TechCrunch also reports that Periscope has launched its first animated AR selfie masks, aimed at both entertaining users and drawing in those too shy to broadcast. In addition to the recently released Clinton and Trump masks, Periscope chief executive Kayvon Beykpour said “more advanced tools” are coming soon.

Snapchat made masks “the flagship feature” of its app, and “Facebook quickly copied them by acquiring selfie mask startup MSQRD and later adding them to Facebook Live.”

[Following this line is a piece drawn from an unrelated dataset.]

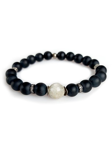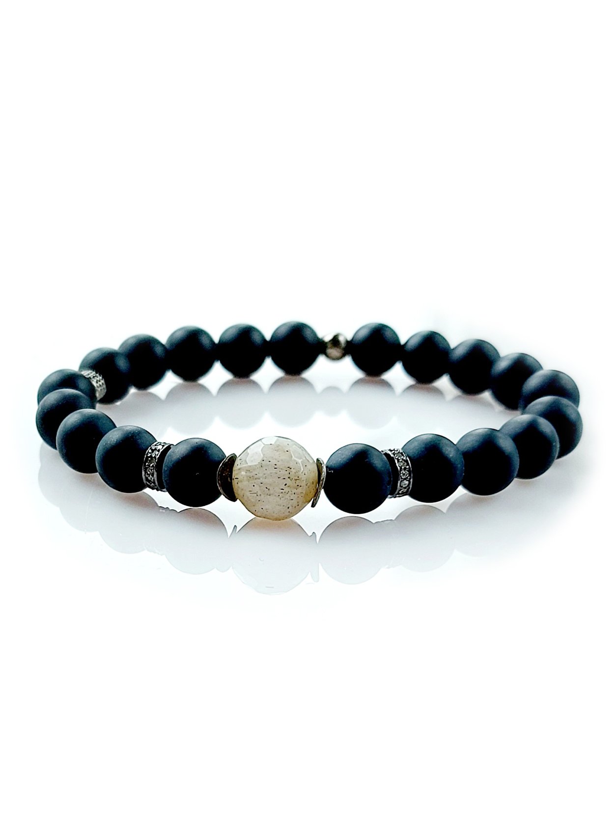 Black Onyx Bracelet with Labradorite and Diamonds – BR 1121

Periscope, known for “serious citizen journalism,” is adding masks to attract a more mainstream audience, but will most likely have a tougher time succeeding, since both Snapchat and Facebook “acquired selfie mask startups to jumpstart their features, and have been aggressively hiring augmented reality engineers.”

Periscope’s parent company Twitter is “financially strapped” and therefore doesn’t have the same resources to throw at masks. But, adds TechCrunch, “at least getting the first masks out the door helps Periscope show its intent to adopt augmented reality, which reduces differentiation for its competitors and could attract AR talent to the company.”